What is upsetting and frustrating in this situation is that there is no excuse for it. Syria is neither heavily indebted nor is it scarce in resources. Ironically, the overall deterioration in the social conditions of average Syrians started in the early to mid-eighties at a time when the country started to pump high levels of crude oil (1987), when investment and production in the agricultural sector was on the rise (early nineties) and when the liberalization of the economy also started (1986).

Maybe the picture of the Syrian economy I am giving is bleaker that what I intended it to be. One, indeed, should not forget that this is a country of huge potential. Syria has the opportunity to become the most diversified economy in the region with a strong agricultural output, a very cost-competitive industrial sector, an amazing tourism industry, and an ideal geographic location.
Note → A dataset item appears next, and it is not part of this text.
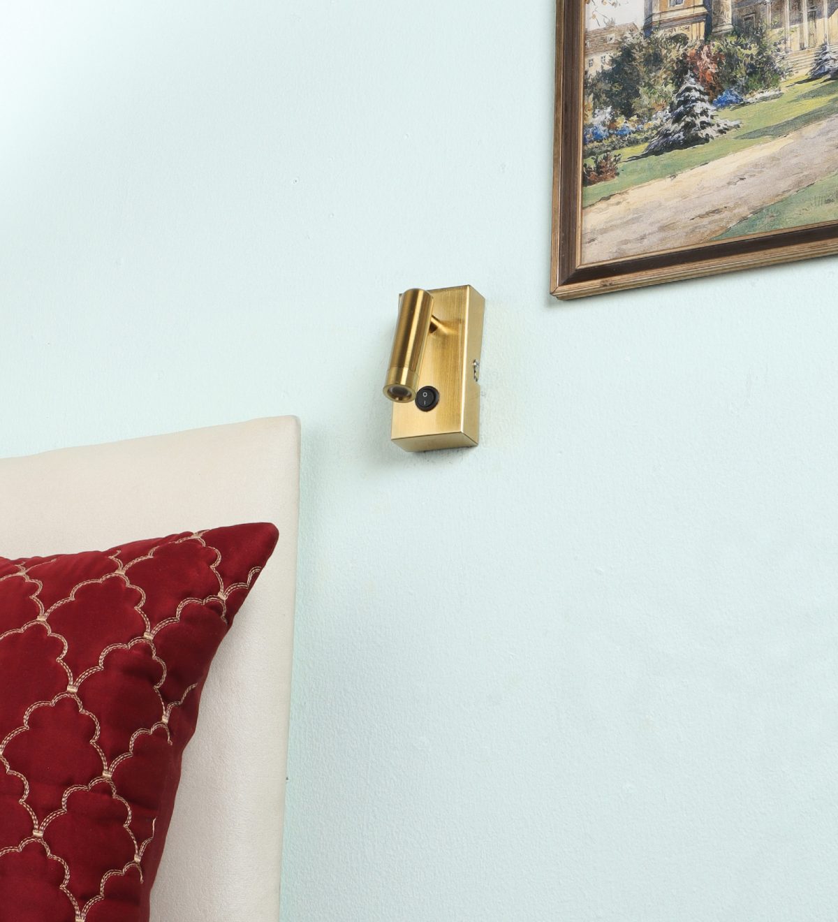 LEARC antique gold finish 3 + 2 watt LED Bed Side Light with switch.

Unfortunately it has remained an unfulfilled potential and it will probably remain so as long as you don’t get to the core of the problem: the fight against corruption, the introduction of transparency and accountability, and the protection of a real independent judiciary that can provide guarantees for investors - in short, before the rule of law is enforced.

Jihad Yazigi
The Syria Report


At 2/28/2006 04:09:00 PM, Blogger Innocent_Criminal said...
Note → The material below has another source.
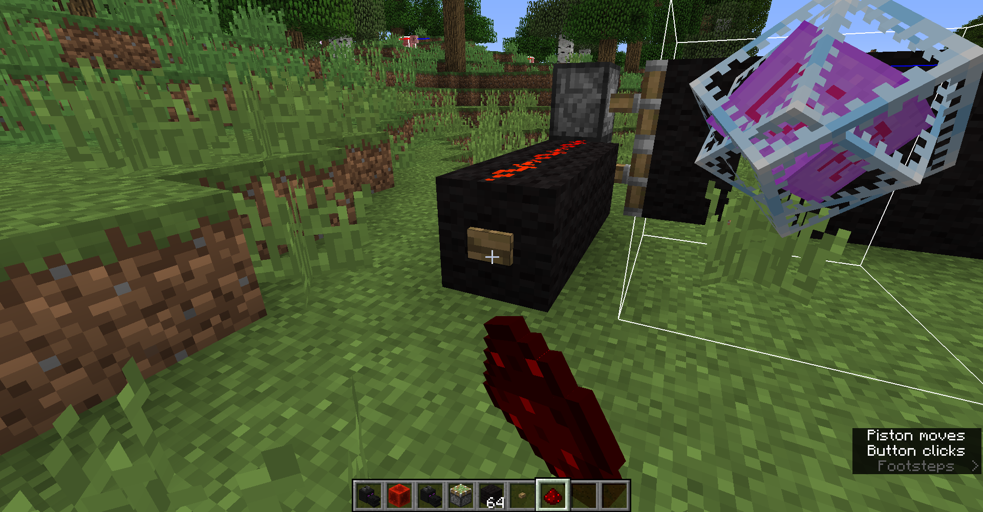 While extending, Block 36 will render in front of the white/blue/red lines that make up the box that visualizes an Entity's hitbox while in F3 + B mode.

My concern with the previous economic discussions was that it lacked any “professional” experts in the dialogue. I'm glad that Jihad has given his two-cents because it was by far the most realistic. Syria-report is a great initiative and their newsletters are quiet insightful.

At 2/28/2006 04:50:00 PM, Blogger majedkhaldoon said...
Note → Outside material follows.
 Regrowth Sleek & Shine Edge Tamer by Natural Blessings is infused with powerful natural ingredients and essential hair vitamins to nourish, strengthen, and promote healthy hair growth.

Jihad wrote an honest and true picture, I want to stress that the increase price of Cement, and OIL will make those projects more costly to construct so some may not materialize at the present time, also oil revenue is in good hands, this mean Assad and his family steal it and take the money to european banks, just like Rifaat Assad did, also I expect the dollar to hit 64 lira by june.

At 2/28/2006 09:22:00 PM, Blogger ghassan said...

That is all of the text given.